IT was a dramatic night at Low Moor’s Pelican Bingo Club when two men, one wearing a stocking mask and armed with a knife, attacked the manager late in the evening of March 26, 1975.

The robbers bound their victim hand and foot with a cord and got away with £400 in cash. But, as the Telegraph & Argus reported the following day, they left one vital item behind.

“As they left they dropped a set of keys which included one to activate the burglar alarm system,” reported the T&A.

“The manager, Mr Francis Lyons, managed to get this key in his mouth, crawl to an alarm point and, turning the key with his teeth, set off the alarm.”

Mr Lyons was attacked as he was locking up the bingo hall in Huddersfield Road, Low Moor. Other members of the club had left only minutes beforehand. He was hit on the face and head and pushed inside, threatened with the knife and forced to hand over the safe keys. The men took £375 from the safe and £25 from My Lyons’ wallet before tying him up.

“The alarm, which Mr Lyons set off, is linked to the police station and police were soon on the spot to release him. He was not seriously hurt,” said the T&A report.

The Pelican Bingo Club had started out as the Brotherhood Mission Hall and was later converted into a 538-seat cinema.

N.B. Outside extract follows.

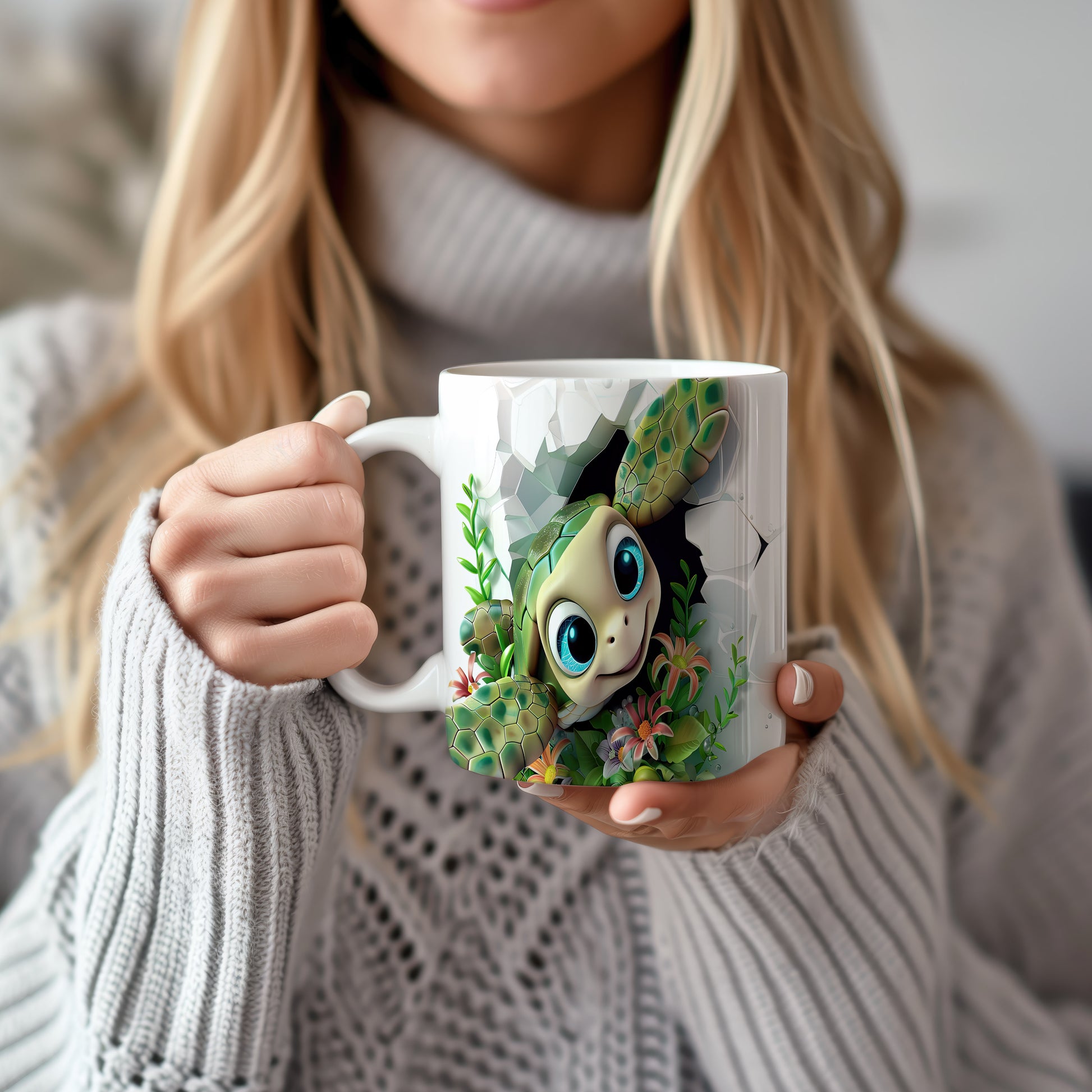 Tento keramický hrnek zobrazuje roztomilou želvu s velkýma očima a květinami, což mu dodává hravý a veselý vzhled. Je ideální pro milovníky přírody a zvířat, skvělý tip na dárek pro děti i dospělé. Materiál: keramika. Objem: 330 ml. Vhodné do myčky i mikrovlnky. Používání tohoto hrnku přináší radost a oživuje každodenní pití.

The Low Moor Picture House was opened in September 1914, showing silent films, accompanied by a pianist in the cinema, and reports of the First World War.

The original proprietors were JB Simpson and John Lush, who was also the manager. Mr Lush later became the sole proprietor of the cinema before his sons, Austin and George, took over.

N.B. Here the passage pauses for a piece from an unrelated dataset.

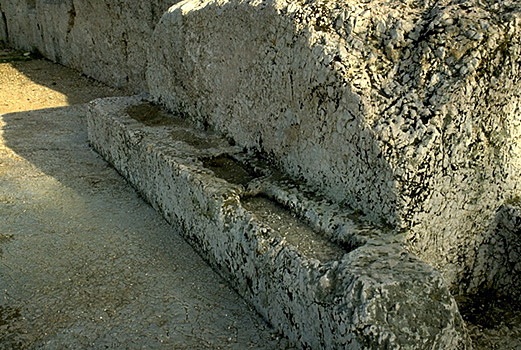 Pnyx III: The Pnyx was rebuilt and expanded in the 3rd quarter of the 4th century B.C., probably around 345-335 B.C. A massive, curved, retaining wall was built (or at least begun) on the north. The southern side of the auditorium and speaker's platform (bema) were quarried out of the natural bedrock. (Traces of the quarrying process can still be seen at the eastern side of the great rock-cut scarp). On a terrace above (south of) the speaker's platform, the foundations were begun for 2 long stoas (but these seem never to have been finished). It is unknown for how many years Pnyx III was used as the meeting place of the ekklesia, and certainly by the 1st century B.C. the the assembly held their meetings in the Theater of Dionysos on the South Slope of the Acropolis.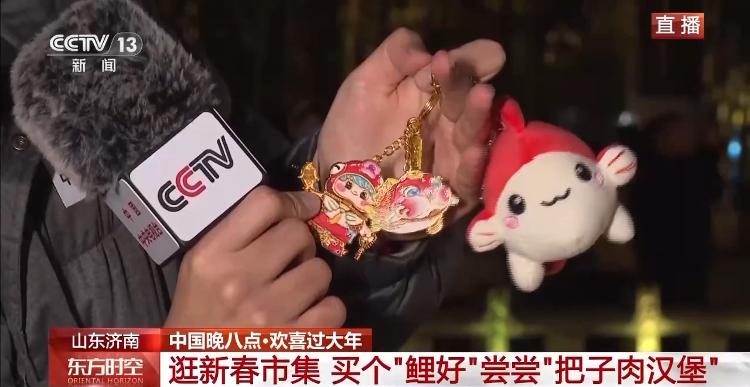 济南天下第一泉景区还推出了多样文创产品。我来给大家介绍其中很受欢迎的一位朋友,就在我的手上,它叫“鲤好”,是锦鲤的“鲤”字,有钥匙扣、冰箱贴、毛绒玩具多种形态。它以趵突泉泉水中的锦鲤为原型设计而成,寓意吉祥如意,可以让人们在新年把泉水里的好运带回家。

Although the building is on Huddersfield Road in Low Moor, its main cinema entrance was on Bolton Street.

Local history website bradfordtimeline.co.uk, featuring research by Colin Sutton, reveals that Norman Littlewood, a former projectionist at the picture house, used to wind the proscenium curtains by hand at the start and end of each screening:

“His cue to open the curtains was a small spot of light projected onto the drapes as the film was started.”

Local competition arrived in 1926 with the opening of the Wyke Hippodrome in nearby Wyke village.

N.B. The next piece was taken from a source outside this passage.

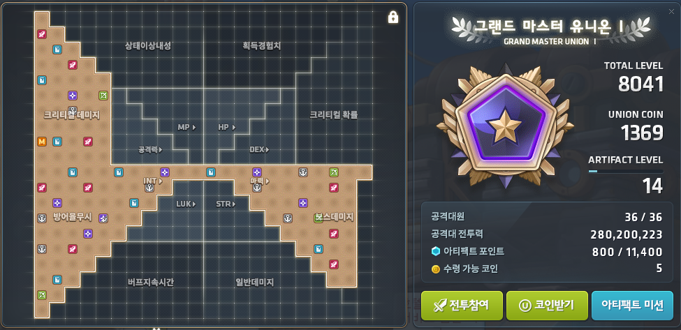 그리고 몬스터 라이프가 삭제되고 새로 들어오게 된 컨텐츠인 '유니온 아티팩트'입니다. 개인적으로는 아주 만족하고 있는데요.

Although seating was reduced to 490, the Low Moor cinema continued successfully through the Second World War and into the 1950s. But, as Mr Sutton, reported, it later “joined many others with falling attendances and competition from TV (albeit only two channels) and closed on Saturday, June 15, 1957 with the special Whitsuntide attraction; 1942 film Reap the Wild Wind starring John Wayne, Ray Milland and Paulette Goddard.

After a period of disuse the building re-opened in 1964 as the Pelican Bingo Club, a popular venue for many until its closure in 1983.

Today the building is home to Orrell-Turner Interiors, manufacturing bedrooms and kitchens, and its address, ‘The Old Picture House’ is a nod to the history of the property.